#### Your objective:
Your task is to copy the lines from the line containing "Am 17.11.2025 fand" through the end of the listing below, both included, without any pictures.

(Dataset excerpt Opens)

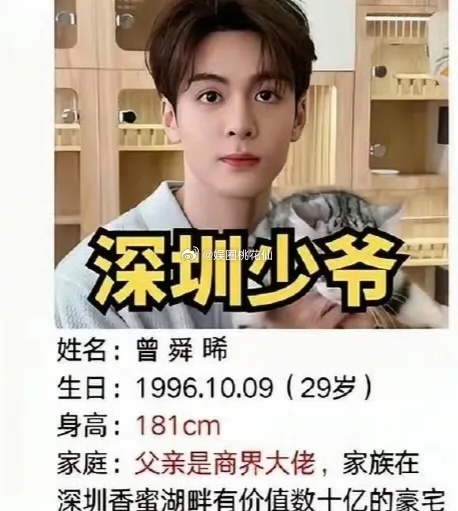 内娱真少爷图鉴!低调藏不住的顶级家世深圳少爷·曾舜晞1996年生,身高181cm,父母均为深圳商界大佬,家族坐拥香蜜湖畔价值数十亿豪宅,精通三国语言,从影全凭兴趣,低调无架子✨北京少爷·王天辰1993年生,身高185cm,军人世家出身,外公是著名军旅诗人峭岩,母亲曾赴前线参与医疗工作,部队大院长大,自带沉稳正气💪东北少爷·魏大勋1989年生,身高183cm,父亲是吉林知名企业家,旗下横跨地产、商场等数十家公司,家族深耕吉林商业版图,低调拍戏不拼家底🏠陕西少爷·马伯骞1996年生,身高173cm,美籍华裔,父亲是国际建筑大师、清华毕业的马清运,外公是初代女排教练,外婆是女篮队员,体育与艺术世家🎨
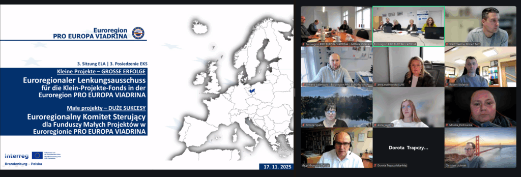Am 17.11.2025 fand im Online-Modus die mittlerweile 3. Sitzung des Euroregionalen Lenkungsausschusses (ELA) für die Kleinprojektefonds in der Euroregion PRO EUROPA VIADRINA statt.
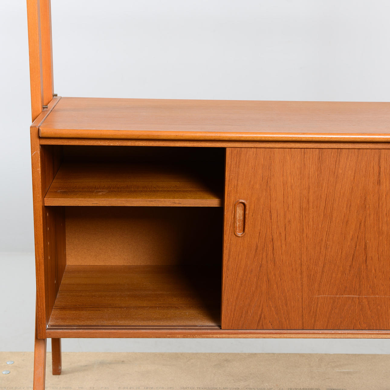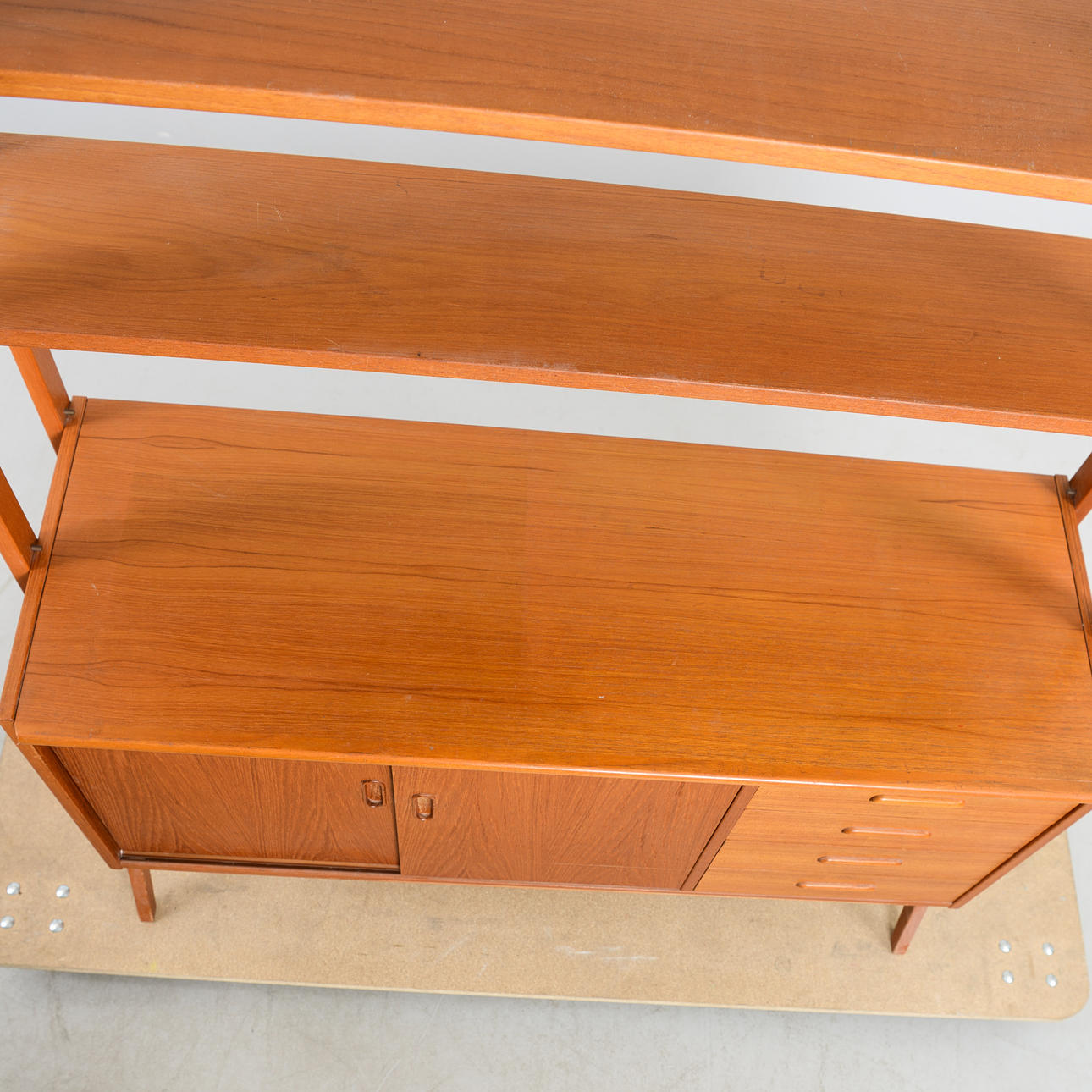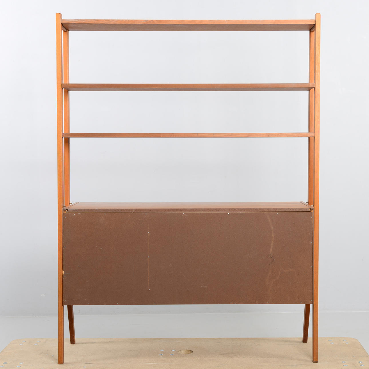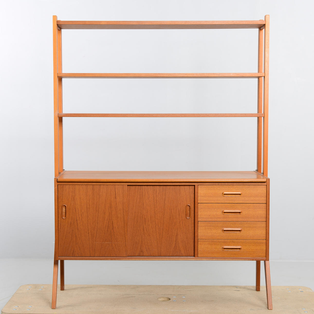 Veneered with teak. Three shelves. Two sliding doors with rear shelves. Four pull-out drawers. Retractable writing disc. Length 119 cm. Depth 44 cm. Height 160 cm.

(Dataset excerpt Closes)

#### Exercise solution:
Am 17.11.2025 fand im Online-Modus die mittlerweile 3. Sitzung des Euroregionalen Lenkungsausschusses (ELA) für die Kleinprojektefonds in der Euroregion PRO EUROPA VIADRINA statt.
 Veneered with teak. Three shelves. Two sliding doors with rear shelves. Four pull-out drawers. Retractable writing disc. Length 119 cm. Depth 44 cm. Height 160 cm.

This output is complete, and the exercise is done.